4 Discussion and conclusions

Both presentations of the results (Table 2 and corresponding Figs. 1 and 2) show that within the Roche model with spotted regions on the primary, the synthetic light curves obtained by solving the inverse problem fit the observations very well (almost within the measurement accuracy). The obtained solutions show that there are no significant variations of basic system's parameters estimated by analysing these two groups of very different light curves. Consequently, the main variations in the light curves can be explained by the change of the position and size of the spotted areas on the primary. Although a very rough approximation of the possible real processes in the WZ Cep system was applied in this analysis, the model could successfully simulate the observed light curves. By that we obtained a quite good agreement between the solutions in the analysis of individual light curves in different filters of the photometric system.

The solutions presented above show that WZ Cep is in the slight overcontact configuration $(f_{\rm over}[\%] \sim 10\%-15\%)$, with small temperature differences between components $(\Delta T=T_1-T_2\sim140- 170 \ \rm K)$. Since the mass ratio is estimated about $q=m_2/m_1\sim0.33$, this suggests a significant energy transfer from primary to the less massive secondary component. Having in mind the large changes in the shape of the light curves, the future photometric observations of this interesting system are of great interest. The radial velocity curves are also necessary for more reliable estimation of mass-ratio.
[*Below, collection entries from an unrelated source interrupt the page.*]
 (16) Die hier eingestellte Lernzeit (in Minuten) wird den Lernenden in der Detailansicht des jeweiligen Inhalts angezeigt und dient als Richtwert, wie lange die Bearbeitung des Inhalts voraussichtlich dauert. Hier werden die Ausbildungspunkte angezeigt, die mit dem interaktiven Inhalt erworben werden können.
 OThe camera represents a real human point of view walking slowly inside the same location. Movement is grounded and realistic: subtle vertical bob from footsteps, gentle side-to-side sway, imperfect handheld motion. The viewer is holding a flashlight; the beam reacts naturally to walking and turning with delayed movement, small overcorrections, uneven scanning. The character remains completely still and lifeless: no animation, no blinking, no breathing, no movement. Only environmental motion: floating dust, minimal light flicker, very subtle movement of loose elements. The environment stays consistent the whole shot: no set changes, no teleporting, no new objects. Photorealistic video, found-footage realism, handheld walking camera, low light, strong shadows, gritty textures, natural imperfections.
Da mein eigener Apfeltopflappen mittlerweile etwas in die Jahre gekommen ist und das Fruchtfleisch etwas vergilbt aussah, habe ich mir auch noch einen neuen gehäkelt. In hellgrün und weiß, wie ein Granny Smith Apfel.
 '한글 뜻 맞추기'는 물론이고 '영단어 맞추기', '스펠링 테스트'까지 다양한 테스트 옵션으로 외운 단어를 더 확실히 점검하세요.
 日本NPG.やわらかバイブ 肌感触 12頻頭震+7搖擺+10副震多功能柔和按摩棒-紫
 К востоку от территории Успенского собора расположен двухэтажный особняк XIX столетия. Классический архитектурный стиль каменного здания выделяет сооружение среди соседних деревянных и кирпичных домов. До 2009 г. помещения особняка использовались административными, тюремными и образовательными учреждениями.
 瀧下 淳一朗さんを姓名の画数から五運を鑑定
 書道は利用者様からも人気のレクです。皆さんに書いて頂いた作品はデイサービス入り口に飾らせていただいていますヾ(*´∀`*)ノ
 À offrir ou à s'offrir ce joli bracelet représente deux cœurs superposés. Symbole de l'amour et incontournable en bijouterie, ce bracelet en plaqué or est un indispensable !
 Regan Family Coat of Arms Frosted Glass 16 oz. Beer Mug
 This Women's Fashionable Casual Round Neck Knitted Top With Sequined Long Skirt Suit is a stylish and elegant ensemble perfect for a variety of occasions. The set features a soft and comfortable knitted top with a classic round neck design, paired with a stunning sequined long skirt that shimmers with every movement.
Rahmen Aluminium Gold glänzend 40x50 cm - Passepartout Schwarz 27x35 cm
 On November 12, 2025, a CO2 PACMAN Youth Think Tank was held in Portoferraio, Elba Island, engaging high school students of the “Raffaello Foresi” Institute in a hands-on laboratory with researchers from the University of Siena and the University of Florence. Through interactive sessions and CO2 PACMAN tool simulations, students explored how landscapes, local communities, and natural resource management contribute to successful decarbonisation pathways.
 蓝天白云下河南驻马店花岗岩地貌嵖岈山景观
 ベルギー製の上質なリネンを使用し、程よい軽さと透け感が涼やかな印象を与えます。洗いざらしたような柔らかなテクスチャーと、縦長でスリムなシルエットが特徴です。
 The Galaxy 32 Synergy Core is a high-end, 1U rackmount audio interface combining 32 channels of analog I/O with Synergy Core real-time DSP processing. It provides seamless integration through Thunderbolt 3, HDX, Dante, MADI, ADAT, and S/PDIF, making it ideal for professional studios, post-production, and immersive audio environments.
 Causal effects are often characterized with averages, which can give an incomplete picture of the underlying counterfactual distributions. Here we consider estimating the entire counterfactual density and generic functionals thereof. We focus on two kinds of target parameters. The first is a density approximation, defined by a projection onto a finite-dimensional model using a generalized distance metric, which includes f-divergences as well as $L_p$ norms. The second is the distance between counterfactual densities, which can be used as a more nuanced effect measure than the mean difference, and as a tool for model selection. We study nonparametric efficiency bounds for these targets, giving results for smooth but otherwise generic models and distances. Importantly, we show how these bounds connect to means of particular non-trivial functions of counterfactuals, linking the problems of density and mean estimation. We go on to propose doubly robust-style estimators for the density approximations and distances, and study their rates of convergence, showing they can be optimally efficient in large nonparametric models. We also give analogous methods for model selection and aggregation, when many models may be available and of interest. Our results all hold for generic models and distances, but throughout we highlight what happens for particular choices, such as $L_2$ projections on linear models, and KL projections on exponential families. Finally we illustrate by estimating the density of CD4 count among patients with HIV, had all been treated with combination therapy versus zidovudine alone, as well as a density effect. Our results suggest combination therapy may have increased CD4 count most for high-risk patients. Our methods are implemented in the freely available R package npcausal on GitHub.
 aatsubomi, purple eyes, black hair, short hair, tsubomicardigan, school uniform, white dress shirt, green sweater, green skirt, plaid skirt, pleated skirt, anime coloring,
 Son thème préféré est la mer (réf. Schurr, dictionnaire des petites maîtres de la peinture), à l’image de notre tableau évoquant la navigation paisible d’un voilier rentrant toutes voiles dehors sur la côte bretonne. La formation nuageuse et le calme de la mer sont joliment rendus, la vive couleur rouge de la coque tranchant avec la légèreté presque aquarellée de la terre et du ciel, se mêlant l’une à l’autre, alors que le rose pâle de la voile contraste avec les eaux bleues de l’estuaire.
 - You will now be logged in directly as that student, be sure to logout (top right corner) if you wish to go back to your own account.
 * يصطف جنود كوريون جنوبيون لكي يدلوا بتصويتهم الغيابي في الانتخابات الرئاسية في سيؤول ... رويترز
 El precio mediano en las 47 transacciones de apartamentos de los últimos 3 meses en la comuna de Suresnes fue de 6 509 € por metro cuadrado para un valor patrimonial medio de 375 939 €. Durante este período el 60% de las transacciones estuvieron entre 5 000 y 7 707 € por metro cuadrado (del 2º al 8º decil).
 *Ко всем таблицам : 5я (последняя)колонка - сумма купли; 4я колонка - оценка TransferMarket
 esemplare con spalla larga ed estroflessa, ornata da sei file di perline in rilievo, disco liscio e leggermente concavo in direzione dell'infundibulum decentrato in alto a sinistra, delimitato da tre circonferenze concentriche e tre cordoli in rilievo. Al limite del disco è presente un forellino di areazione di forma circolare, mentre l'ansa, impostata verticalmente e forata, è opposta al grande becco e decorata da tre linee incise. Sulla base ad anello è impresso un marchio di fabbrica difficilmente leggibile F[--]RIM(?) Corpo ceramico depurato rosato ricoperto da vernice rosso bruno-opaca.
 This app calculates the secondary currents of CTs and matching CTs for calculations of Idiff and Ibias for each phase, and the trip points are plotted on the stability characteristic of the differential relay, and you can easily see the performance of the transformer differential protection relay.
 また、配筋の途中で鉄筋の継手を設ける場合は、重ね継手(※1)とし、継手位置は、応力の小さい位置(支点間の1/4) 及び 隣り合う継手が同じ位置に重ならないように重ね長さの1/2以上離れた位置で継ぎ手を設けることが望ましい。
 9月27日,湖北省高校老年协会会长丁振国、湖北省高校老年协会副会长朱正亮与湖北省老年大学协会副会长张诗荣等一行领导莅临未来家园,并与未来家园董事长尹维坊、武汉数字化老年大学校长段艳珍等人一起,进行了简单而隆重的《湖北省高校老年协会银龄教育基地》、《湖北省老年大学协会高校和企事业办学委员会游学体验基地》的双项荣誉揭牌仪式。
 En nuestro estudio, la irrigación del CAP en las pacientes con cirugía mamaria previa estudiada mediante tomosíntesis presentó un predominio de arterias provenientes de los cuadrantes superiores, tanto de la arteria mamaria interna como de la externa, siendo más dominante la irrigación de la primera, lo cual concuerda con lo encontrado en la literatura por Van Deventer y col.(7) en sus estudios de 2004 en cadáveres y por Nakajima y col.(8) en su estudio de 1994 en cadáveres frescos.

The problem of the uniqueness of obtained solutions remains open to some degree. Our tests with different working hypotheses show that the results presented here give the best fit of the observations. However, in principle, in double spot models one can expect a non uniqueness in estimating of the spot's parameters. To solve the problem of the surface brightness distribution, the photometry must be coupled with other data in the future. Doppler stellar tomography based on the spectroscopic observations is very promising way to solve this problem. Such spectroscopic observations require the use of large telescopes (high spectral resolution and high signal to noise ratio). The use of an independent method is necessary to test validity of the results obtained through the analysis of the light curves.

Acknowledgements

The authors sincerely thank N.R. Bairamov, V.V. Ignotova and R.Ya Ishankulov for their help and participation in the observations of WZ Cep. One of us (G.D.) has been partially supported by the Ministry of Sciences and Technology of Serbia through the project "Astrometrical, Astrodynamical and Astrophysical investigations".